Cinergie.be

Les Damnés de Roberto Minervini

Publié le 26/03/2025 par Kevin Giraud / Catégorie: Critique

D’un réel à l’autre

Les Damnés de Roberto Minervini, première fiction du documentariste italien qui a su, selon certains, capturer l’Amérique mieux que quiconque? Rien n’est moins sûr, pour un film qui brouille les frontières entre documentaire de création et fiction documentée, et où le réel s’invite tant dans le processus de création que dans les interstices de l’Histoire.

Les Damnés de Roberto Minervini

D’emblée, la mission de ces soldats est floue, vague. Une reconnaissance vers l’ouest, sans but précis ni réel objectif. Et de cette impulsion, qui s’étiole au fur et à mesure que l’attente et les interrogations se déploient, Minervini crée un film étrange et aliénant tant pour ses personnages que pour son public.

Car il ne se passe rien, ou peu s’en faut. Mais dans ce rien, c’est là que se trouve toute la force de ce film d’attente, où l’on en vient à craindre l’événement, à trembler à l’idée que quelque chose se passe. Car tant qu’il ne se passe rien, on reste en vie. 

Tourné dans les plaines du Montana, où Minervini a fait construire un camp et installé son casting pendant près de deux mois, Les Damnés impressionne par son réalisme, renforçant les questionnements sur la véracité de ce film de guerre irréel et pourtant puissamment vrai et résolument contemporain. Un récit de stase et de soubresauts où, faute d’un ennemi bien défini et d’un but, tant les protagonistes que les comédiens qui les incarnent tuent le temps.

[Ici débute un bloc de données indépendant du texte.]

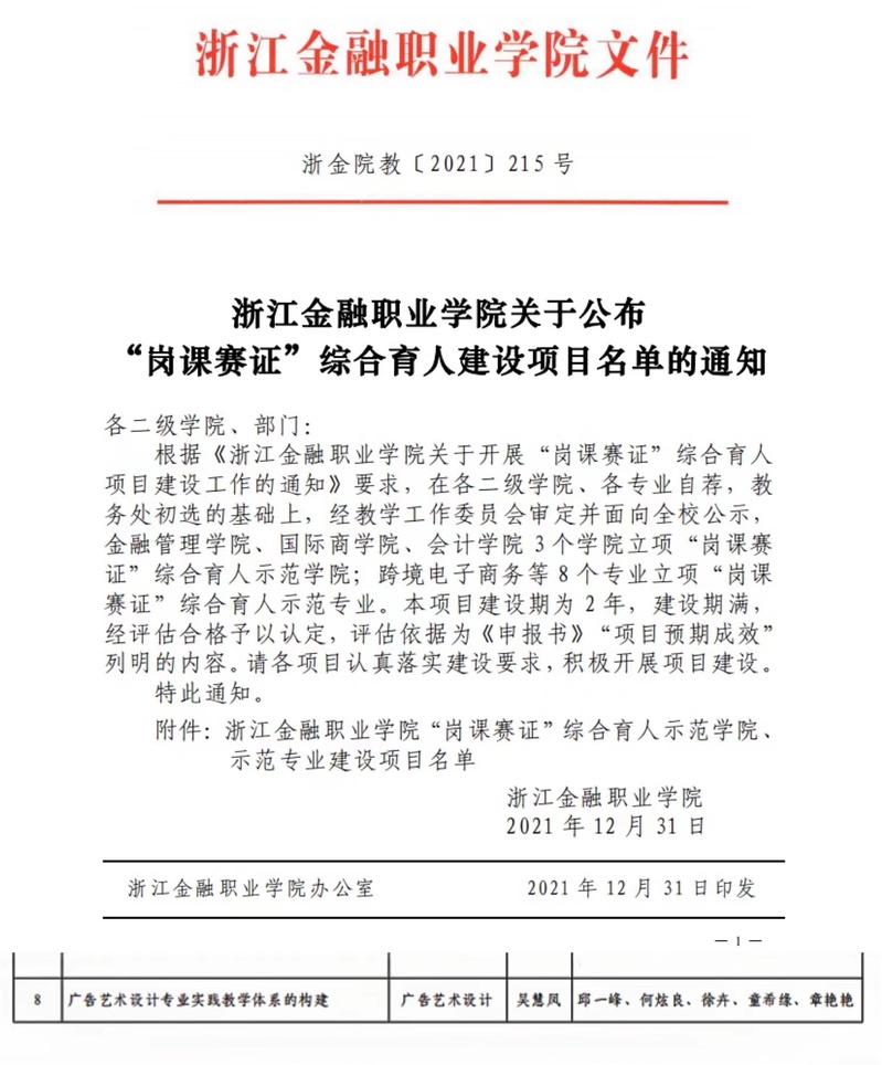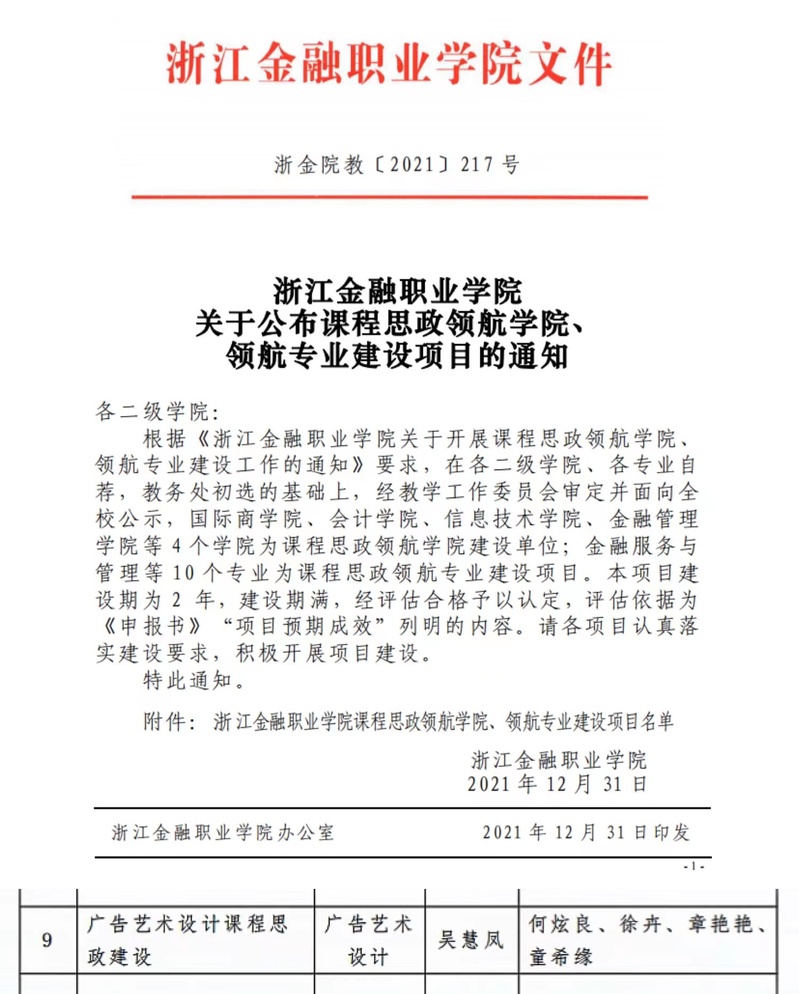 1、文创专业群获学校教学成果一等奖;广告艺术设计专业获课程思政领航专业建设项目;校级课程思政示范课程4门;学校“岗课赛证”综合育人示范专业建设项目1个。

Et lorsque la guerre les rattrape, les voici aux prises avec des fantômes sans visages, des balles meurtrières qui claquent de fusils invisibles. 

Refusant d’incarner cet ennemi, Minervini nous plonge dans la psyché des soldats unionistes post affrontement, alors que se dévoile petit à petit l’absence de sens de leur mission, et de la guerre en elle-même. “Il n’y a pas de but dans la guerre”, conclut assez tôt l’un des soldats. Avant que cette conclusion n’évolue en “pour moi, c’est de la survie. On tue, ou on meurt” plus loin dans le film, une maxime qui sonne plus comme un échec du monde qui l’a conduit jusque là que comme un constat personnel. 

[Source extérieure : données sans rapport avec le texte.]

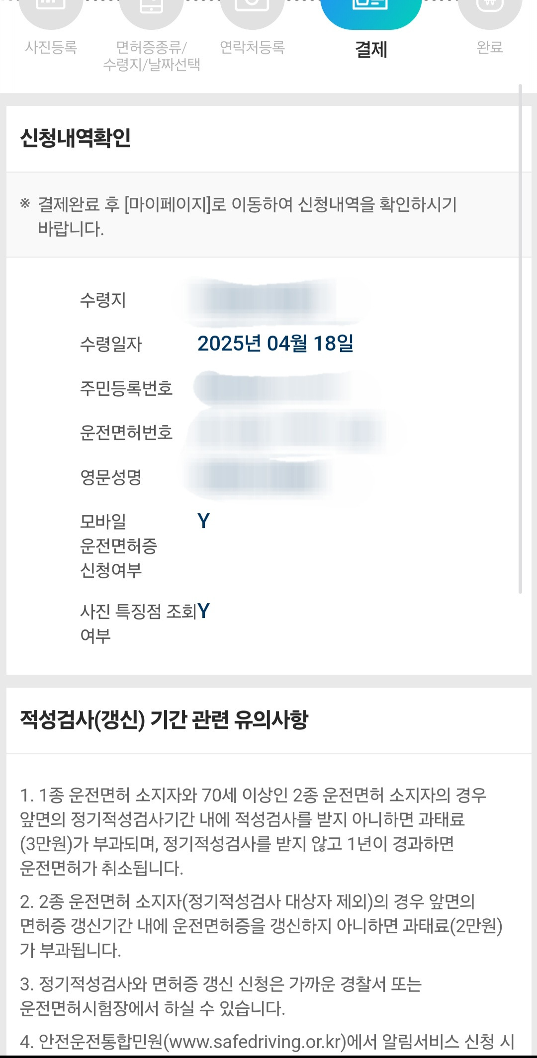 5. 운전면허증 수령 시 : 기존 운전면허증 필수 지참
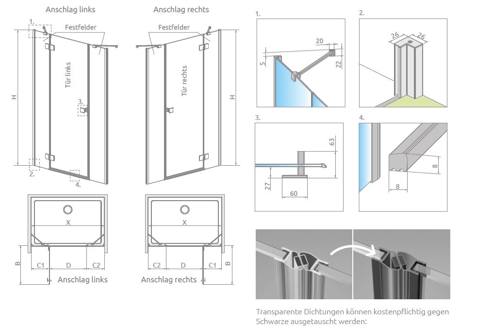 Den Verbrauchern gewähren wir auf Duschabtrennungen 10-jährige Hersteller-Garantie.
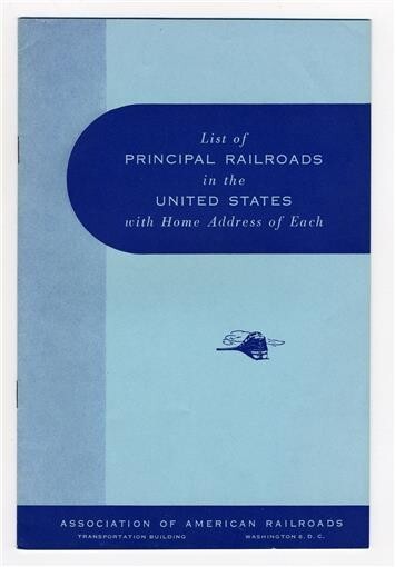 List of Principal Railroads in the United States with the home address of each. 8 pages in soft covers from the Association of American Railroads. Published in 1956. Information on 113 railroads.
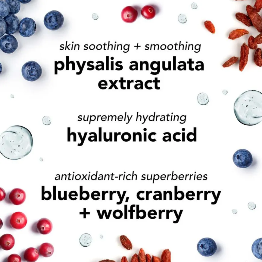 Zinc Oxide (12.025%), Aqua (Water, Eau), Isododecane, Caprylyl Methicone, Propanediol, Coco-Caprylate / Caprate, Glycerin, Cetyl PEG / PPG-10 / 1 Dimethicone, Methyl Dihydroabietate, Polyglyceryl-4 Diisostearate/Polyhydroxystearate/Sebacate, Zea Mays (Corn) Starch, Dimethicone, Sodium Chloride, Physalis Pubescens Fruit Juice, Yeast Extract, Hyaluronic Acid, Lycium Chinense Fruit Extract, Vaccinium Angustifolium (Blueberry) Fruit Extract, Vaccinium Macrocarpon (Cranberry) Fruit Extract, Tocopherol, Pentaerythrityl Tetra-di-t-butyl Hydroxyhydrocinnamate, Polyglyceryl-3 Polyricinoleate, Phenoxyethanol, Disteardimonium Hectorite, Zinc Stearate, 1,2-Hexanediol, Caprylyl Glycol, Caprylic/Capric Triglyceride, Isostearic Acid, Propylene Carbonate, Sodium Gluconate
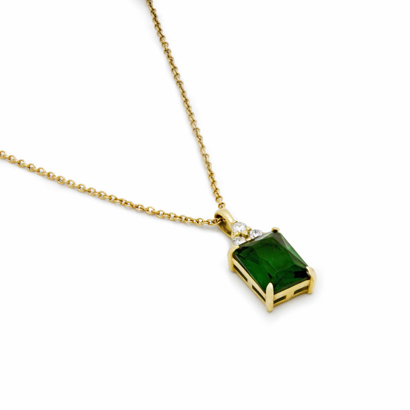 NG4792 Elegant Gold Emerald and Diamond Pendant Necklace

Ce cinéma de l’attente, Minervini le transcende par des images fortes, des plans de montagnes enneigées qui nous aspirent et nous plongent dans cette contemplation aux côtés des personnages. Des décors immuables, figés et bientôt écrasants desquels les protagonistes tentent petit à petit de s’échapper pour retrouver cette capacité d’avancer, cet espoir qu’ils perdent en même temps que le sens de leur mission. Une impression renforcée par l’atmosphère sonore feutrée du film, qui enferme dans cette attente persistante. 

Où commence la fiction, où s’arrête le documentaire? Minervini refuse de répondre à la question. Il nous confiait, en amont de la sortie du film : “J’aime travailler avec des gens, qui se rassemblent et me donnent une partie de qui ils sont. Ainsi, leurs paroles et leurs actions leur appartiennent. Et de là, structurer, fictionnaliser, créer des moments pour créer un mouvement dans le temps et dans l'espace.”

Avec Les Damnés, ce glissement vers la fiction s’opère sans friction, d’un réel à un autre, pour un résultat envoûtant.